- _About this task_: Reproduce every line of the material below, but drop the pictures.

- _Given information_:
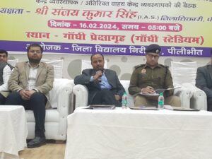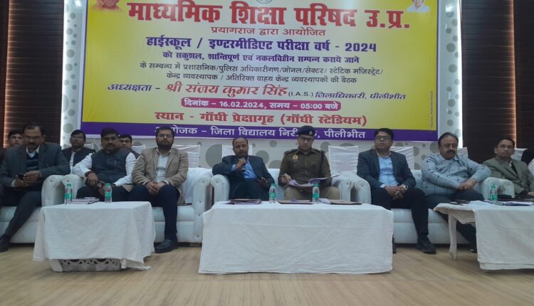पीलीभीत।/जिलाधिकारी संजय कुमार सिंह की अध्यक्षता में यूपी बोर्ड की परीक्षा शान्तिपूर्ण नकलविहीन, सकुशल व निर्विघ्न ढ़ंग से सम्पन्न कराने हेतु नामित जोनल, सेक्टर मजिस्ट्रेट, स्टैटिक मजिस्ट्रेट, केन्द्र व्यवस्थापक एवं अतिरिक्त केन्द्र व्यवस्थापक सहित अन्य अधिकारियों बैठक गांधी प्रेक्षागृह में सम्पन्न हुई। यू0पी0 बोर्ड परीक्षा जनपद के 76 परीक्षा केन्द्रों पर दो पालियों में परीक्षा दिनांक 22 फरवरी 2024 से आयोजित की जायेगी। उक्त परीक्षा प्रथम पाली प्रातः 8ः30 बजे से 11ः45 व द्वितीय पाली 2ः00 बजे से 5ः15 तक आयोजित की जायेगी। हाईस्कूल की परीक्षा में 24,970 व इण्टरमीडिएट परीक्षा में 19,740 परीक्षार्थियों द्वारा प्रतिभाग किया जायेगा। उन्होंने कहा कि परीक्षा केन्द्रों पर प्रश्नपत्रों की सुरक्षा के लिए अगल से स्ट्रांगरूम की व्यवस्था की गई स्ट्रांग रूम में 24 घंटे सीसीटीवी कैमरे की निगरानी में रहेगा। उन्होंने परीक्षा की तैयारियों के सम्बन्ध में आवश्यक दिशा निर्देश देते हुए कहा कि समस्त परीक्षा केन्द्र हेतु नामित अधिकारी समय से परीक्षा केन्द्रों पर पहुंचे और अपनी निगरानी में सीसीटीवी कैमरे के सामाने पेपर खोलने व परीक्षा समाप्त होने के उपरान्त कापियों के सील कराने का कार्य कराना सुनिश्चित करेगें। उन्होंने कहा कि परीक्षा के दौरान सीसीटीवी कैमरे नियमित संचालित रहे, परीक्षा पूर्व सभी सेक्टर मजिस्ट्रेट अपने क्षेत्र परीक्षा केन्द्रों का निरीक्षण करते हुये बुनियादी सुविधाऐं व परीक्षा केन्द्र के मानकों की जांच कर रिपोर्ट प्रस्तुत करेगें, यदि कोई कमी पाई तो तत्काल केन्द्र व्यवस्थापक से ठीक कराये। उन्होंने कहा कि केन्द्र पर नामित अधिकारियों की पूर्ण जिम्मेदारी सुनिश्चित की गई है, जिससे परीक्षा नकलविहीन सम्पन्न हो, यदि कहीं नकल की शिकायत संज्ञानित होती है तो सम्बन्धित पूरी टीम का उत्तरदायित्व निर्धारित करते हुये, कार्यवाही की जायेगी। उन्होंने कहा कि सचल दल प्रतिदिन दिये गये निर्देशानुसार भ्रमणशील रहेगा। उन्होंने कहा कि परीक्षा समाप्त होने के उपरान्त कापियों के बण्डलों को संकलन केन्द्र पर कापियां जमा की जायेगी। उन्होंने कहा कि परीक्षा को नकलविहीन सम्पन्न करायें, जिससे परिश्रम करने वाले छात्र/छात्राओं को उनका अच्छा परिणाम प्राप्त हो सके। उन्होंने कहा कि केन्द्र पर स्टेटिक मजिस्ट्रेट व केन्द्र व्यवस्थापक के अतिरिक्त अन्य किसी कर्मचारी के पास मोवाइल न रखे और केन्द्र पर जिन कर्मचारियों की ड्यूटी लगाई गई है वह अपना आई कार्ड अवश्य रखें। उन्होंने कहा कि निरीक्षण के दौरान कोई अनावश्यक पाया गया तो उसके विरूद्व कडी कार्यवाही अमल में लाई जायेगी। किसी भी प्रकार की समस्या आने पर कन
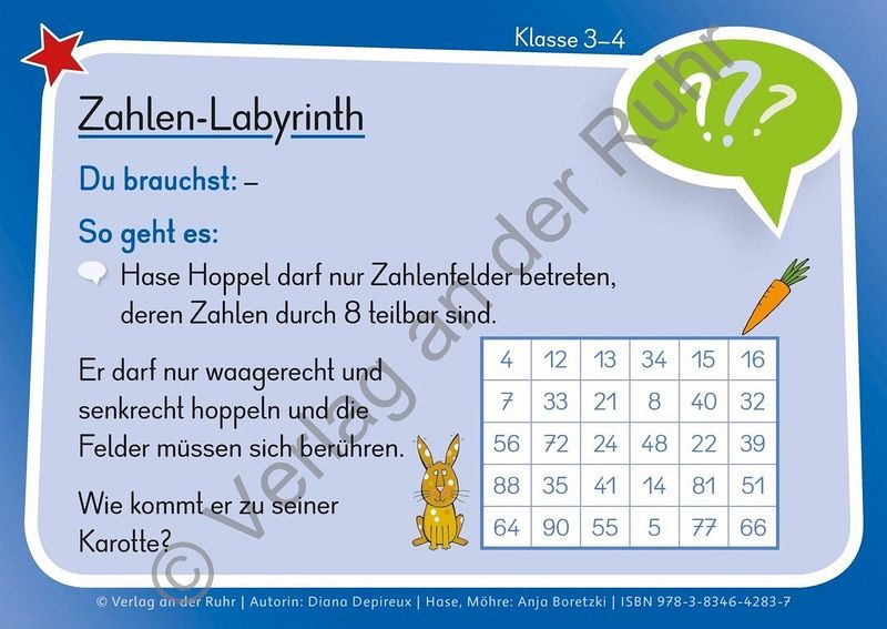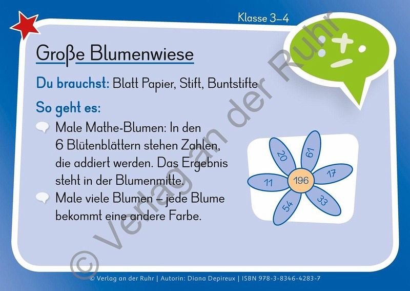 Unterrichtsmaterial (Karteikarten) für Lehrer und Lehrerinnen an Grundschulen, Fächer: Mathematik, Klasse 3-4 +++ "Ich bin fertig! Was soll ich machen?" - Sicher kennen Sie als Lehrkraft diese Frage, die Kinder stellen, wenn sie in der Stunde einfach mehr "Futter" brauchen. Mit dieser Differenzierungskartei versorgen Sie Ihre schnellen Schüler und Schülerinnen für 5-10 Minuten mit motivierenden Angeboten. Das Mandala hat ausgesorgt! Die Karteikarten in DIN A6 lassen sich einfach handhaben und sind ideal für die stille Einzelarbeit. Mithilfe der Logos auf den Karten zu den Themen "Zahldarstellung", "Grundrechenarten", "Sachaufgaben und Größen", "Geometrie" und "Knobeleien" können Sie den Kindern zielgenau Zusatzübungen bereitstellen. Die Karten sind zusätzlich in die Klassenstufen 3 und 4 eingeteilt, sodass Ihre Schüler und Schülerinnen weder unter- noch überfordert werden. Die Ideensammlung umfasst 80 Karten, die den Kindern mit kreativen Impulsen helfen, wichtige mathematische Themen spaßvoll zu vertiefen. Die Kinder können sich selbstständig eine Aufgabe nehmen und sie allein bearbeiten. Während die "Schnellen" also z. B. darüber knobeln, welche Zahl halb so groß ist wie die Hälfte von 3 · 8, können Sie sich um die Kinder kümmern, die eben noch nicht fertig sind.
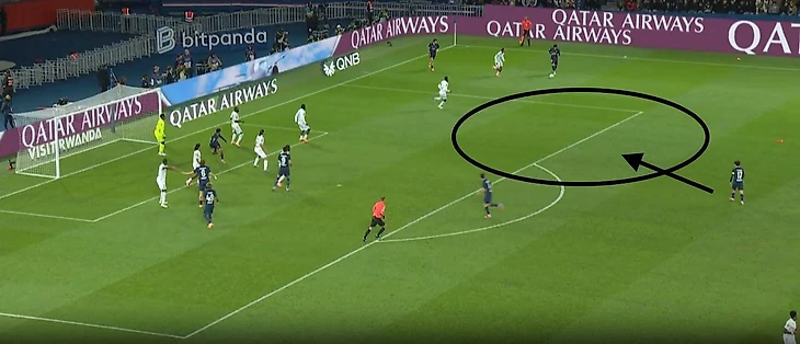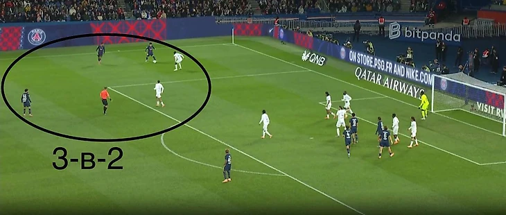 Оба гола – следствие розыгрышей угловых накоротке. Два игрока «ПСЖ» перегружали угловой флажок, в первом случае играли на свободного третьего в опорной зоне, во втором – готовили голевую подачу вдвоем (хотя даже так сохранялась опция сыграть на третьего благодаря численному превосходству в зоне мяча).
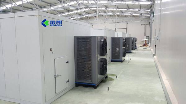 空气能热泵烘干机原理是利用逆卡诺循环原理,吸收环境中热能,经热泵装置提升到为高温热能;冷媒(氟利胺)通过压缩机做功,变成为高温高压气体(温度高达80-115℃),进入室内侧的换热器,利用风机的排放热量,升温烘干房内空气温度。烘干房内的物料通过热风做功的形式使物料中的水分汽化蒸发,蒸发出来的水蒸汽由排湿系统排走而达到烘干物料的目的
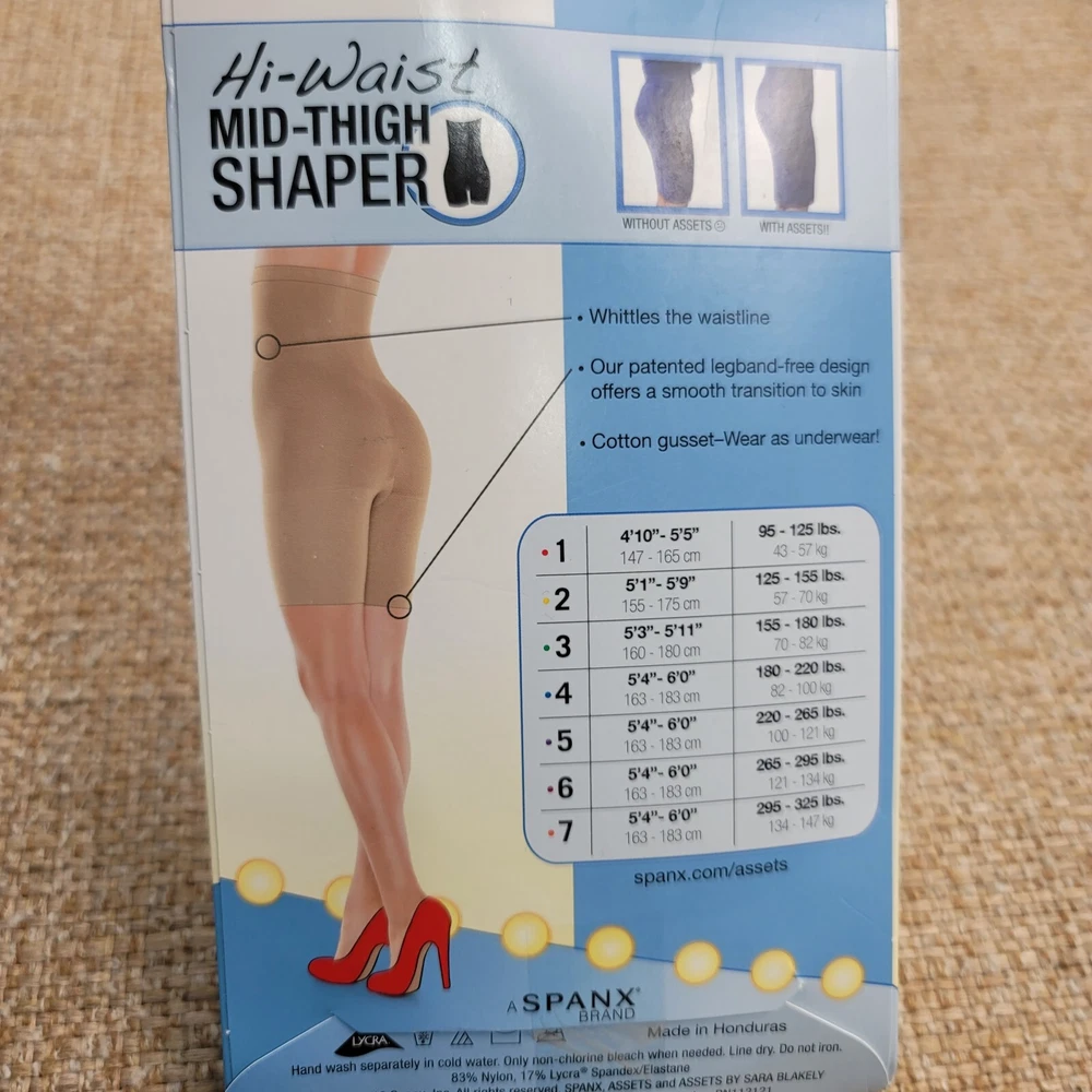 Spanx Assets Hi Waist Mid Thigh Shaper Size 4 Nude 166B 5'4" - 6'0"/180-220 lbs *Eliminates muffin top *Firms thighs and rear *Streamlines silhouette in dresses *Total waist control *Smooth transition to skin *Cotton gusset - wear as underwear Size 4: 5'4" - 6'0" / 180 - 220 lbs
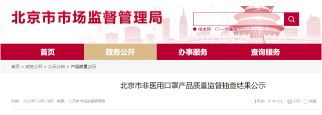 中国消费者报微信公号12月19日消息,12月18日,北京市市场监管局通告非医用口罩产品质量监督抽查结果,在70组批样品中,检出17组批样品质量不符合相关标准。
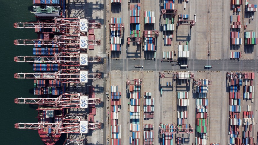 Aerial photo taken on Feb. 22, 2021 shows a container terminal of Tianjin Port in north China's Tianjin Municipality. (Xinhua/Zhao Zishuo)
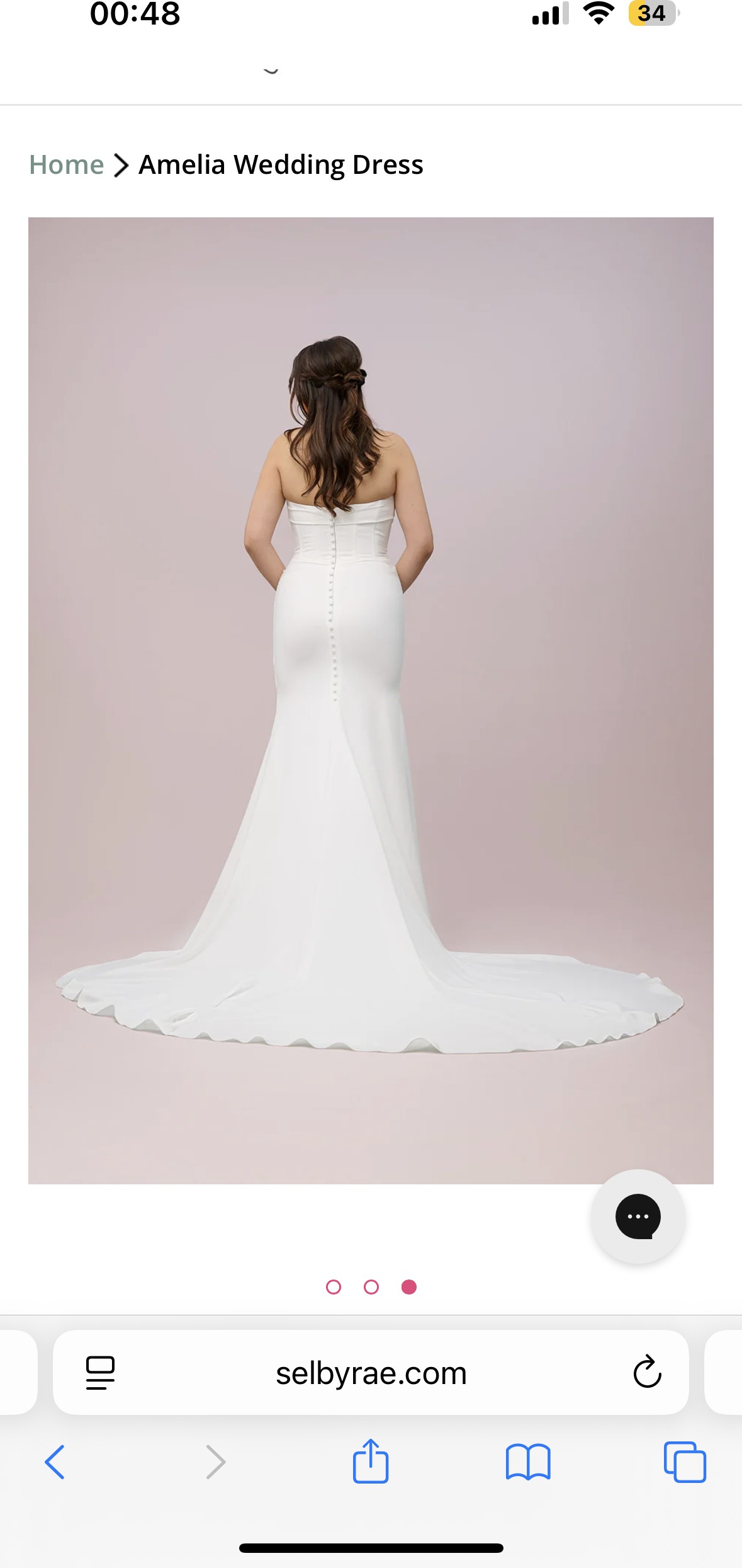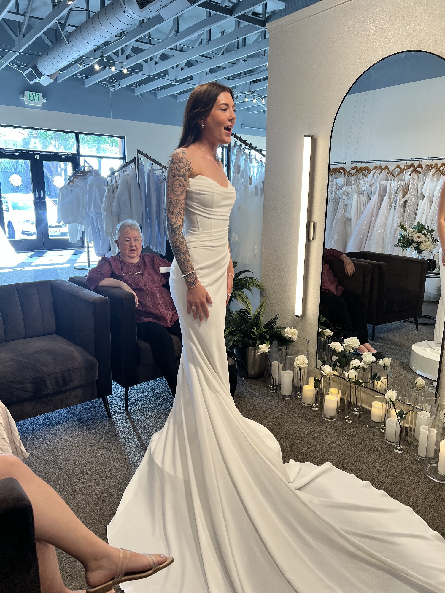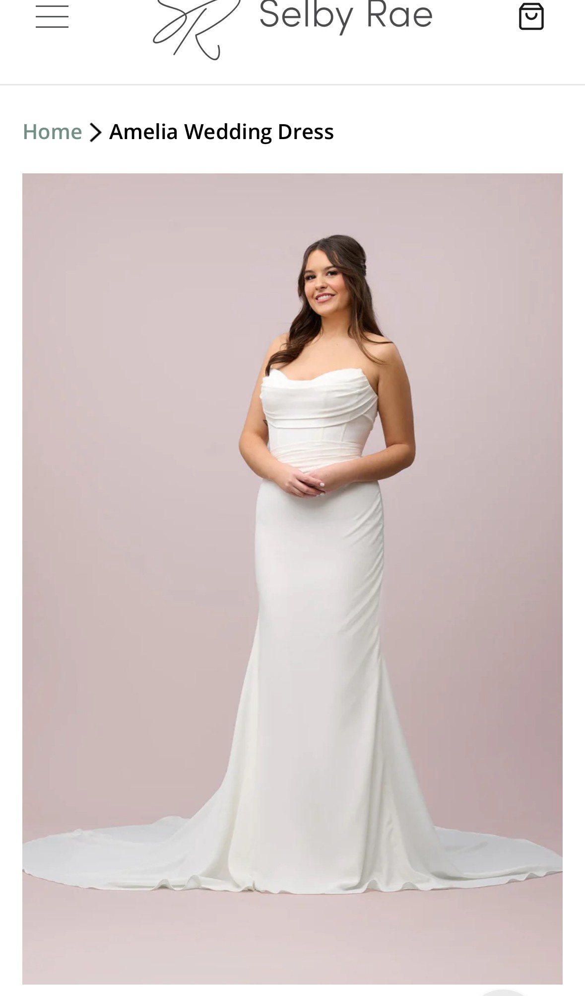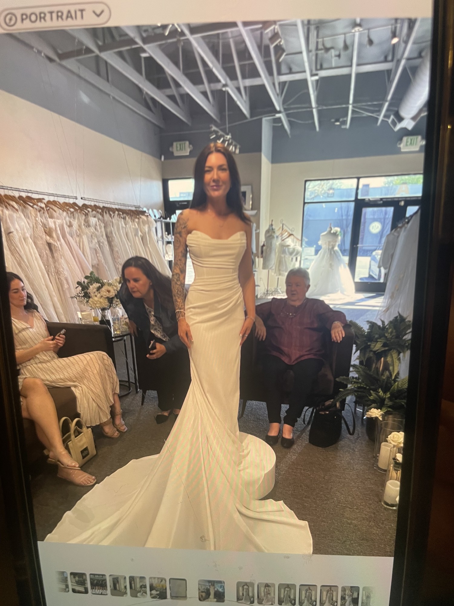 Beautiful brand new Shelby Rae Amelia dress. It has a flattering bustier bodice with soft crepe draped over it. Brand new with no alterations made!

- _Answer_:
पीलीभीत।/जिलाधिकारी संजय कुमार सिंह की अध्यक्षता में यूपी बोर्ड की परीक्षा शान्तिपूर्ण नकलविहीन, सकुशल व निर्विघ्न ढ़ंग से सम्पन्न कराने हेतु नामित जोनल, सेक्टर मजिस्ट्रेट, स्टैटिक मजिस्ट्रेट, केन्द्र व्यवस्थापक एवं अतिरिक्त केन्द्र व्यवस्थापक सहित अन्य अधिकारियों बैठक गांधी प्रेक्षागृह में सम्पन्न हुई। यू0पी0 बोर्ड परीक्षा जनपद के 76 परीक्षा केन्द्रों पर दो पालियों में परीक्षा दिनांक 22 फरवरी 2024 से आयोजित की जायेगी। उक्त परीक्षा प्रथम पाली प्रातः 8ः30 बजे से 11ः45 व द्वितीय पाली 2ः00 बजे से 5ः15 तक आयोजित की जायेगी। हाईस्कूल की परीक्षा में 24,970 व इण्टरमीडिएट परीक्षा में 19,740 परीक्षार्थियों द्वारा प्रतिभाग किया जायेगा। उन्होंने कहा कि परीक्षा केन्द्रों पर प्रश्नपत्रों की सुरक्षा के लिए अगल से स्ट्रांगरूम की व्यवस्था की गई स्ट्रांग रूम में 24 घंटे सीसीटीवी कैमरे की निगरानी में रहेगा। उन्होंने परीक्षा की तैयारियों के सम्बन्ध में आवश्यक दिशा निर्देश देते हुए कहा कि समस्त परीक्षा केन्द्र हेतु नामित अधिकारी समय से परीक्षा केन्द्रों पर पहुंचे और अपनी निगरानी में सीसीटीवी कैमरे के सामाने पेपर खोलने व परीक्षा समाप्त होने के उपरान्त कापियों के सील कराने का कार्य कराना सुनिश्चित करेगें। उन्होंने कहा कि परीक्षा के दौरान सीसीटीवी कैमरे नियमित संचालित रहे, परीक्षा पूर्व सभी सेक्टर मजिस्ट्रेट अपने क्षेत्र परीक्षा केन्द्रों का निरीक्षण करते हुये बुनियादी सुविधाऐं व परीक्षा केन्द्र के मानकों की जांच कर रिपोर्ट प्रस्तुत करेगें, यदि कोई कमी पाई तो तत्काल केन्द्र व्यवस्थापक से ठीक कराये। उन्होंने कहा कि केन्द्र पर नामित अधिकारियों की पूर्ण जिम्मेदारी सुनिश्चित की गई है, जिससे परीक्षा नकलविहीन सम्पन्न हो, यदि कहीं नकल की शिकायत संज्ञानित होती है तो सम्बन्धित पूरी टीम का उत्तरदायित्व निर्धारित करते हुये, कार्यवाही की जायेगी। उन्होंने कहा कि सचल दल प्रतिदिन दिये गये निर्देशानुसार भ्रमणशील रहेगा। उन्होंने कहा कि परीक्षा समाप्त होने के उपरान्त कापियों के बण्डलों को संकलन केन्द्र पर कापियां जमा की जायेगी। उन्होंने कहा कि परीक्षा को नकलविहीन सम्पन्न करायें, जिससे परिश्रम करने वाले छात्र/छात्राओं को उनका अच्छा परिणाम प्राप्त हो सके। उन्होंने कहा कि केन्द्र पर स्टेटिक मजिस्ट्रेट व केन्द्र व्यवस्थापक के अतिरिक्त अन्य किसी कर्मचारी के पास मोवाइल न रखे और केन्द्र पर जिन कर्मचारियों की ड्यूटी लगाई गई है वह अपना आई कार्ड अवश्य रखें। उन्होंने कहा कि निरीक्षण के दौरान कोई अनावश्यक पाया गया तो उसके विरूद्व कडी कार्यवाही अमल में लाई जायेगी। किसी भी प्रकार की समस्या आने पर कन
 Unterrichtsmaterial (Karteikarten) für Lehrer und Lehrerinnen an Grundschulen, Fächer: Mathematik, Klasse 3-4 +++ "Ich bin fertig! Was soll ich machen?" - Sicher kennen Sie als Lehrkraft diese Frage, die Kinder stellen, wenn sie in der Stunde einfach mehr "Futter" brauchen. Mit dieser Differenzierungskartei versorgen Sie Ihre schnellen Schüler und Schülerinnen für 5-10 Minuten mit motivierenden Angeboten. Das Mandala hat ausgesorgt! Die Karteikarten in DIN A6 lassen sich einfach handhaben und sind ideal für die stille Einzelarbeit. Mithilfe der Logos auf den Karten zu den Themen "Zahldarstellung", "Grundrechenarten", "Sachaufgaben und Größen", "Geometrie" und "Knobeleien" können Sie den Kindern zielgenau Zusatzübungen bereitstellen. Die Karten sind zusätzlich in die Klassenstufen 3 und 4 eingeteilt, sodass Ihre Schüler und Schülerinnen weder unter- noch überfordert werden. Die Ideensammlung umfasst 80 Karten, die den Kindern mit kreativen Impulsen helfen, wichtige mathematische Themen spaßvoll zu vertiefen. Die Kinder können sich selbstständig eine Aufgabe nehmen und sie allein bearbeiten. Während die "Schnellen" also z. B. darüber knobeln, welche Zahl halb so groß ist wie die Hälfte von 3 · 8, können Sie sich um die Kinder kümmern, die eben noch nicht fertig sind.
 Оба гола – следствие розыгрышей угловых накоротке. Два игрока «ПСЖ» перегружали угловой флажок, в первом случае играли на свободного третьего в опорной зоне, во втором – готовили голевую подачу вдвоем (хотя даже так сохранялась опция сыграть на третьего благодаря численному превосходству в зоне мяча).
 空气能热泵烘干机原理是利用逆卡诺循环原理,吸收环境中热能,经热泵装置提升到为高温热能;冷媒(氟利胺)通过压缩机做功,变成为高温高压气体(温度高达80-115℃),进入室内侧的换热器,利用风机的排放热量,升温烘干房内空气温度。烘干房内的物料通过热风做功的形式使物料中的水分汽化蒸发,蒸发出来的水蒸汽由排湿系统排走而达到烘干物料的目的
 Spanx Assets Hi Waist Mid Thigh Shaper Size 4 Nude 166B 5'4" - 6'0"/180-220 lbs *Eliminates muffin top *Firms thighs and rear *Streamlines silhouette in dresses *Total waist control *Smooth transition to skin *Cotton gusset - wear as underwear Size 4: 5'4" - 6'0" / 180 - 220 lbs
 中国消费者报微信公号12月19日消息,12月18日,北京市市场监管局通告非医用口罩产品质量监督抽查结果,在70组批样品中,检出17组批样品质量不符合相关标准。
 Aerial photo taken on Feb. 22, 2021 shows a container terminal of Tianjin Port in north China's Tianjin Municipality. (Xinhua/Zhao Zishuo)
 Beautiful brand new Shelby Rae Amelia dress. It has a flattering bustier bodice with soft crepe draped over it. Brand new with no alterations made!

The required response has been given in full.